Recommend: “Mother’s Day Flowers”, “Mother’s Day Message”, “Happy Mother’s Day”, “To All Mothers”, and “Mom’s Special Day”

b. Let’s find similar bundles using geometric models of similarity:

i. Let’s create cosine similarity based recommendations for all bundles:

1. Create a matrix or data.frame of the top 5 recommendations for all bundles

library(data.table)
## Warning: 套件 'data.table' 是用 R 版本 4.2.2 來建造的
ac_bundles_dt <- fread("piccollage_accounts_bundles.csv")
ac_bundles_matrix <- as.matrix(ac_bundles_dt[, -1, with=FALSE])

library(lsa)
## Warning: 套件 'lsa' 是用 R 版本 4.2.3 來建造的
## 載入需要的套件:SnowballC
ac_bundles_matrix_cosmatrix <- as.data.frame(cosine(ac_bundles_matrix))
cosmatrix_rownames <- row.names(ac_bundles_matrix_cosmatrix)
top5_ac_bundles_cosmatrix <- as.data.frame(
  sapply(ac_bundles_matrix_cosmatrix,
         FUN = function(x)
           cosmatrix_rownames[order(x, decreasing = TRUE)[2:6]]))

2. Create a new function that automates the above functionality: it should take an accounts-bundles matrix as a parameter, and return a data object with the top 5 recommendations for each bundle in our data set, using cosine similarity.

bundle_recommendation <- function(accounts_bundles_matrix) {
  ac_bundles_matrix <- accounts_bundles_matrix
  ac_bundles_matrix_cosmatrix <- as.data.frame(cosine(ac_bundles_matrix)) 
  
  cosmatrix_rownames <- row.names(ac_bundles_matrix_cosmatrix)  

  top5_bundle <- as.data.frame(
    sapply(ac_bundles_matrix_cosmatrix,
           FUN = function(x)
             cosmatrix_rownames[order(x, decreasing = TRUE)[2:6]])
  ) 
  return(top5_bundle)
}

3. What are the top 5 recommendations for the bundle you chose to explore earlier?

recommendation <- bundle_recommendation(ac_bundles_matrix)
recommendation$sweetmothersday
## [1] "mmlm"             "julyfourth"       "tropicalparadise" "bestdaddy"       
## [5] "justmytype"

Ans: mmlm,julyfourth,tropicalparadise,bestdaddy,justmytype

ii.
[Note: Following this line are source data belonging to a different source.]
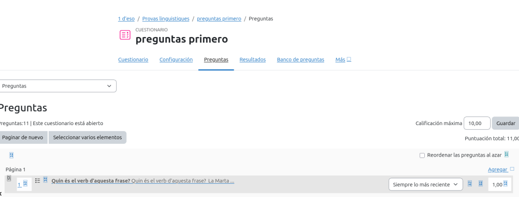 I quan facis la pregunta et sortirà això i així tota l'estona fins que tinguis totes les preguntes que vulguis
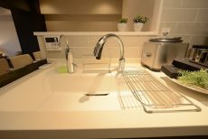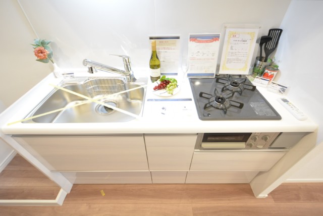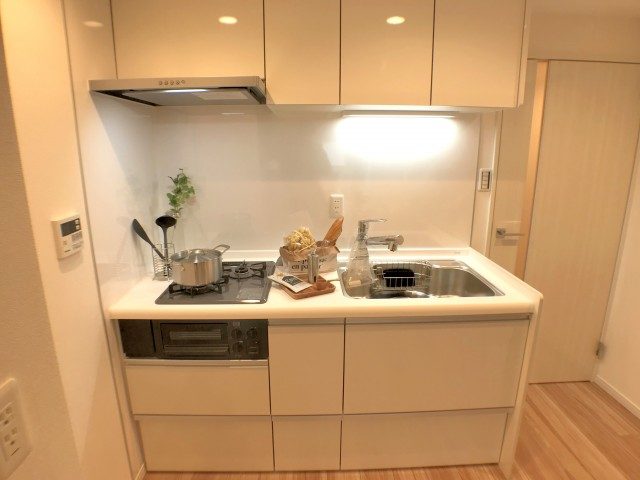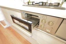 コンロは2口、グリルも付いています。グリルって魚イメージが強くてあまり使わない方がいらっしゃるようですが、もったいない!野菜や肉など何を焼いても美味しいんですよ(^^)フライパンとは一味違うので、是非お試しを!
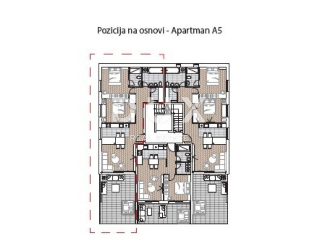 OPATIJA, CENTER - excellent apartment in a new building above the center of Opatija We are offering an exclusive apartment A5 with an area of 91.47 m2 on the first floor of a new building above the center of Opatija, with a large terrace, balcony and garage. The apartment consists of two bedrooms with two en suite bathrooms, a beautiful open space living room, dining room and kitchen of 24.93 m2. The large open space opens onto a 16 m2 terrace with a jacuzzi and an outdoor area for socializing, which provides incredible opportunities for outdoor relaxation. The apartment is located in a new building of 10 apartments in an excellent location - above the center of Opatija, thus guaranteeing excellent access to all the accompanying amenities of the city - the Lungomare promenade, the beach in the center, the summer stage in Opatija and the Gervais cultural center. It is located 250 meters away from the sea. The apartment has a place in the garage and a storage room of 2.53 m2. This is a perfect opportunity to buy real estate in Opatija, perfect for living as well as tourist rental. Dear clients, the agency commission is charged in accordance with the General Terms and Conditions. https://www.dux-nekretnine.hr/opci-uvjeti-poslovanja ID CODE: 29918 Marko Šutanovac Agent s licencom Mob: +385 91 189 8332 Tel: +385 91 480 8808 E-mail: marko@dux-nekretnine.hr www.dux-opatija.com
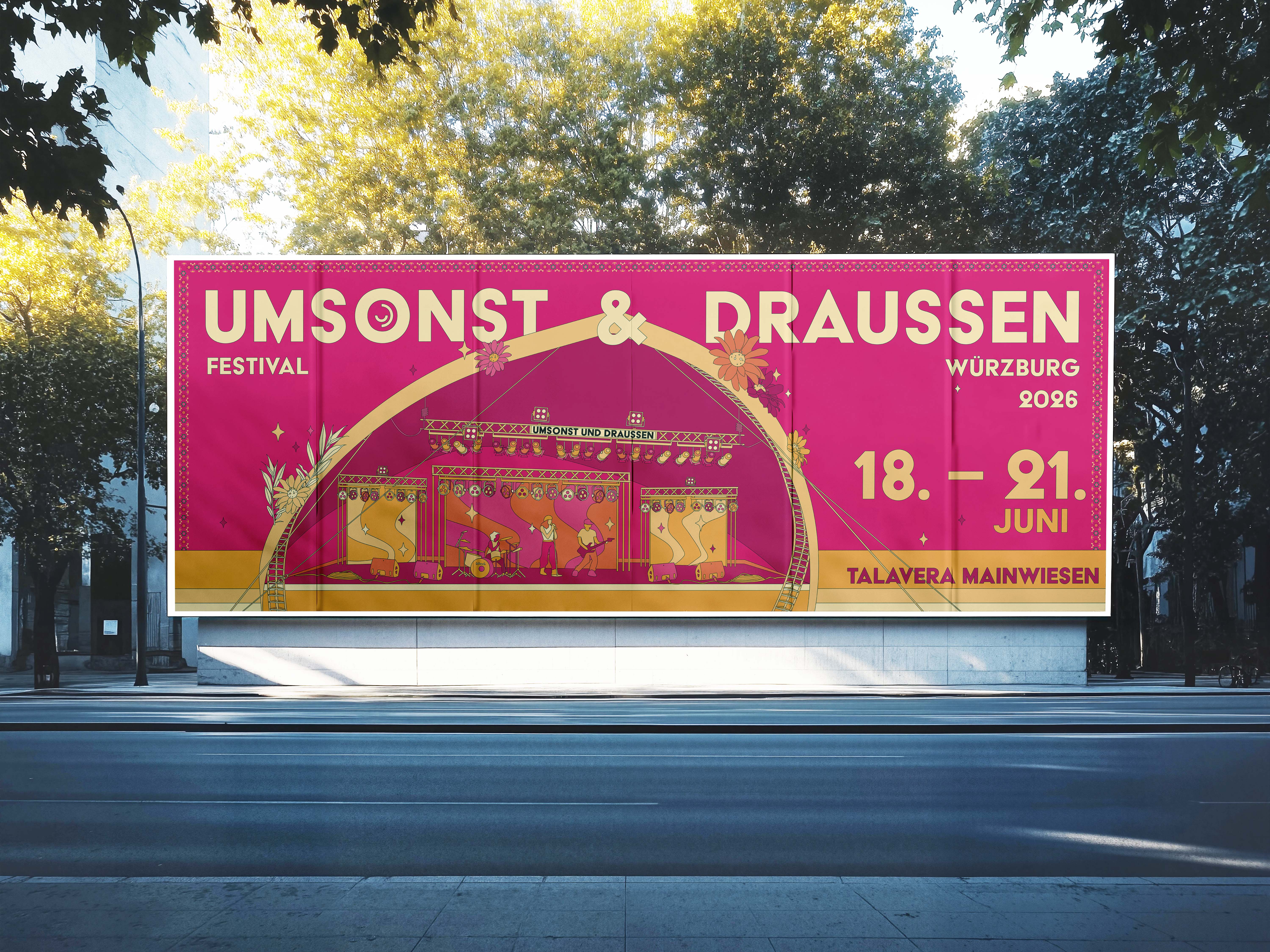 / projekte/ grafikdesign/ Umsonst und Draussen Entwurf 2/ Umsonst und Draussen Entwurf 2 Ein Entwurf für den Plakatwettbewerb des Umsonst und Draussen Festival Plakates 2025.
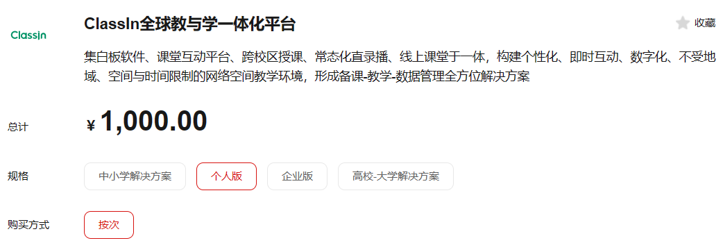 对于个体老师,classin可以提供集白板软件、课堂互动平台、跨校区授课、常态化直录播、线上课堂于一体,为您构建个性化、即时互动、数字化、不受地域、空间与时间限制的网络空间教学环境,形成备课-教学-数据管理全方位解决方案,如果是一对多课程,收费为1000元/次;一对一的价格不同,根据用户反馈:有一对一标准价格是:2元/学生/小时。供您参考~~
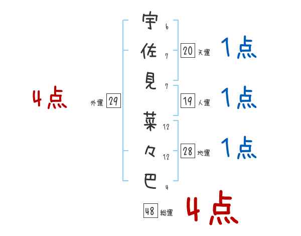 外運![]() | 宇佐見菜々巴さんの外運は29画の4つ星!完全主義で才能がある。厳格な心の持ち主。 生活面を象徴する運勢です。外部から受ける影響力を表し、結婚運、家庭運や職場、環境への順応性を表します。 |
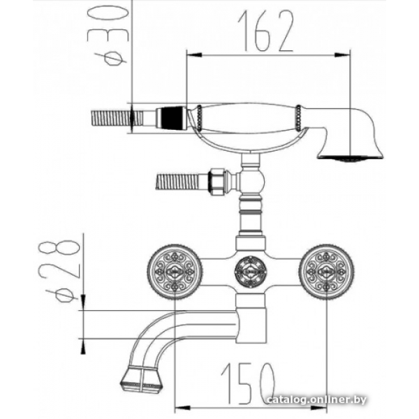 двухвентильный смеситель для ванны и душа, монтаж на стену
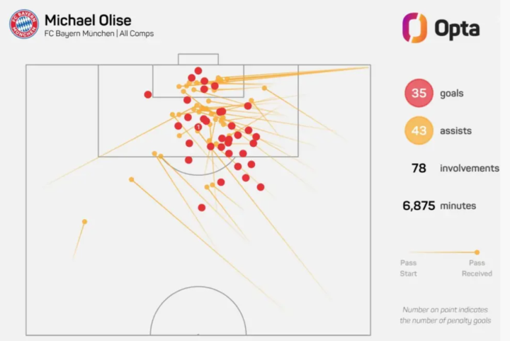 奥利塞在德国的首个赛季就在各项赛事贡献了17粒进球和21次助攻,本赛季至今,他已斩获15粒进球和23次助攻,是欧洲足坛最具效率的进攻球员之一。自从他转会拜仁慕尼黑以来,只有欧洲大陆的顶级攻击手才能与奥利塞的整体进球效率相媲美。
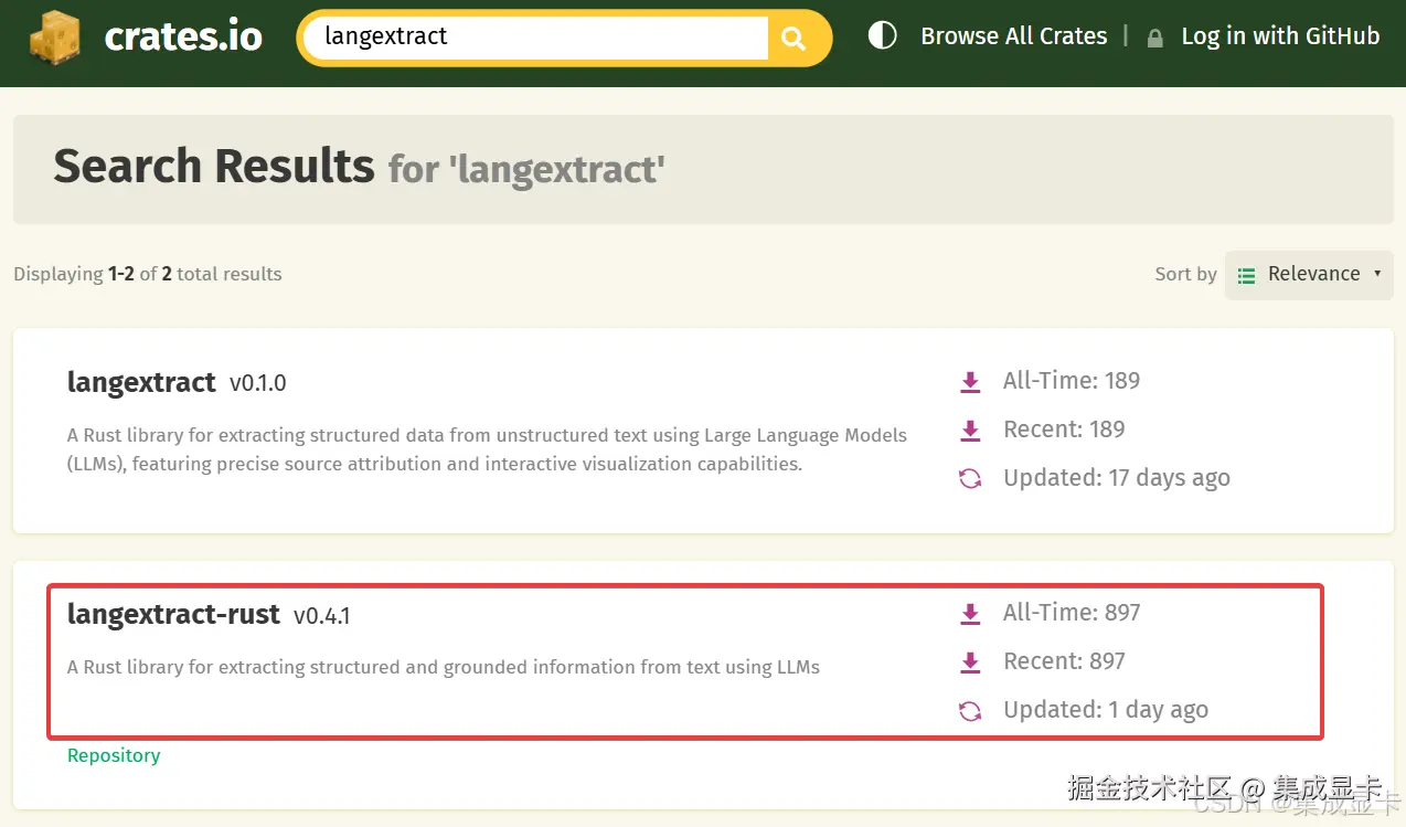 从文档的质量及 crates.io 下载量来看,langextract-rust 更胜一筹,所以我选择了它😎。

Let’s create correlation based recommendations.

1. Reuse the function you created above (don’t change it; don’t use the cor() function)

bundle_recommendation <- function(accounts_bundles_matrix) {
  ac_bundles_matrix <- accounts_bundles_matrix
  ac_bundles_matrix_cosmatrix <- as.data.frame(cosine(ac_bundles_matrix)) 
  
  cosmatrix_rownames <- row.names(ac_bundles_matrix_cosmatrix)  

  top5_bundle <- as.data.frame(
    sapply(ac_bundles_matrix_cosmatrix,
           FUN = function(x)
             cosmatrix_rownames[order(x, decreasing = TRUE)[2:6]])
  ) 
  return(top5_bundle)
}

2. But this time give the function an accounts-bundles matrix where each bundle (column) has already been mean-centered in advance.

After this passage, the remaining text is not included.